Centennial's Ryner Gorowski, center, celebrates his second goal -- and eventual game winner -- with teammates against Champlin Park during Centennial's 4-2 in the Section 5AA title game. Star Tribune photo
Printouts of about 40 encouraging e-mails were taped to the walls outside Centennial’s locker room last Friday at the State Fair Coliseum.
The Cougars responded to the basic message of them all, defeating Champlin Park 4-2 in the Section 5 finals and earning the program’s first Class 2A boys’ hockey state tournament appearance in nine years.
“It’s just a fantastic group of guys that work hard together, support one another in good times and bad and really bought into what we put in front of them day one,” second-year Centennial coach Ritch Menne said.
Senior forward Hans Gorowsky wandered around in an emotional daze after Friday’s game, needing neither hugs nor pats on the back to produce tears.
“It’s an unbelievable feeling, one I’ve never had before,” Gorowsky said. “It’s a childhood dream come true.”
Going back to state is a family affair. Younger brother Ryner Gorowsky scored two of the Cougars’ three power-play goals to beat Champlin Park. Together, they follow a trail blazed by older cousin Tom Gorowsky, star of the Cougars’ 2004 state championship team and a Mr. Hockey recipient.
Hans Gorowsky said the 2004 team, though revered within the program, set an almost insurmountable bar. Centennial teams reaching the section finals in 2005, ’08 and ’09 fell short. Having cleared that hurdle, Gorowsky wants to continue the run.
Centennial (22-4-2), seeded No. 5, begins state tournament play at 8 p.m. Thursday against No. 4 seed Wayzata (21-7).
“We’re not done yet,” Gorowsky said. “We’re playing good hockey right now and we’ve beaten or played well against some of the teams that made it to the tournament. We’ve got more work to do.”
Centennial went 2-1 against teams in the state tournament, losing its season opener to Edina and beating Moorhead and Duluth East in mid-December.
Those games, Gorowsky said, were a launching point for the rest of the season. The 4-0 Edina loss, he said “felt like a closer game.” Rebounding to beat Moorhead and Duluth East within a span of three days convinced players “that we had something special here.”
The Cougars got hot in January, posting a 8-0-2 surge and beating or tying three teams ranked No. 12 to 20. A 8-3 loss to Blaine gave the Cougars pause but they regrouped, closing out the season on a seven-game winning streak and allowing eight goals overall.
Senior goaltender Patrick Munson emerged as the team’s rock, going 17-4-2, stopping 93 percent of shots faced and allowing 2.39 goals per game. Caught up in the excitement, Munson removed his glove, blocker and helmet with about two seconds still on the clock against Champlin Park.
“Munson’s kind of flown under the radar all year,” Menne said. “I think this is great for him.
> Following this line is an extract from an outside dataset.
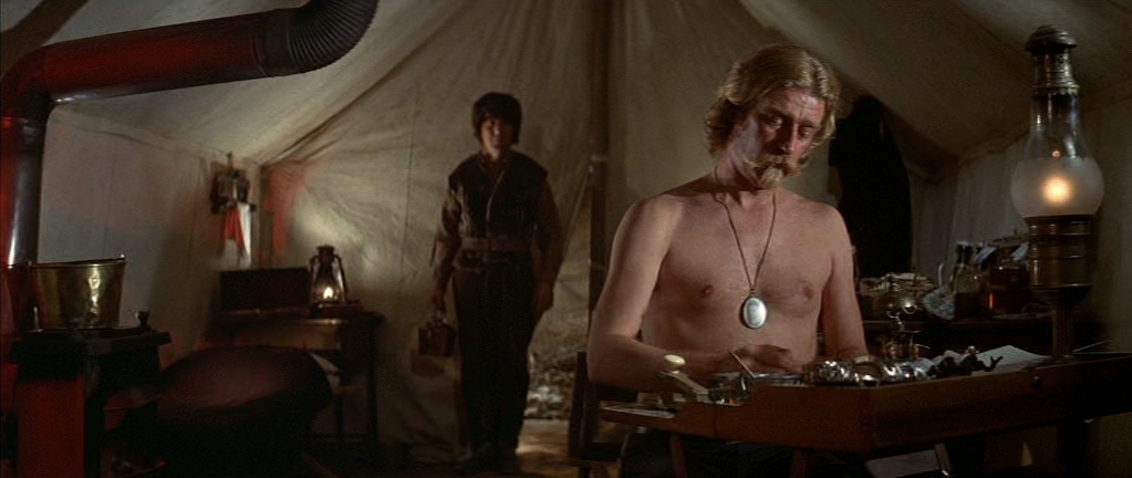 One of the more memorable episodes involves Jack becoming the lover of Mrs. Pendrake (Faye Dunaway), a hypocritical minister’s wife who espouses virtue but harbors deep sexual repression. He also works as a gunslinger and crosses paths with Wild Bill Hickok (Jeff Corey), witnessing the violent absurdities of frontier justice.

People got to see how good he really is.”
Other players emerged, two earning colorful nicknames. Senior forward Kenny “Wrecking Ball” Sinna embodies determination. Never made an ‘A’ Bantam team. Played mostly junior varsity for two seasons. But this season he broke out with 14 goals and 18 assists.
Ryner Gorowsky, according to older brother Hans, is “kind of like the Honey Badger [former LSU defensive back Tyrann Mathieu]. He’s always hacking; he’s got that extra gear. He’s got that extra whatever it is.”
Leading Centennial back to the state tournament is extra satisfying for Menne, a former Cougars coach.
“I left the JV the year before [the 2004 title],” he said. “Shame on me for doing that.”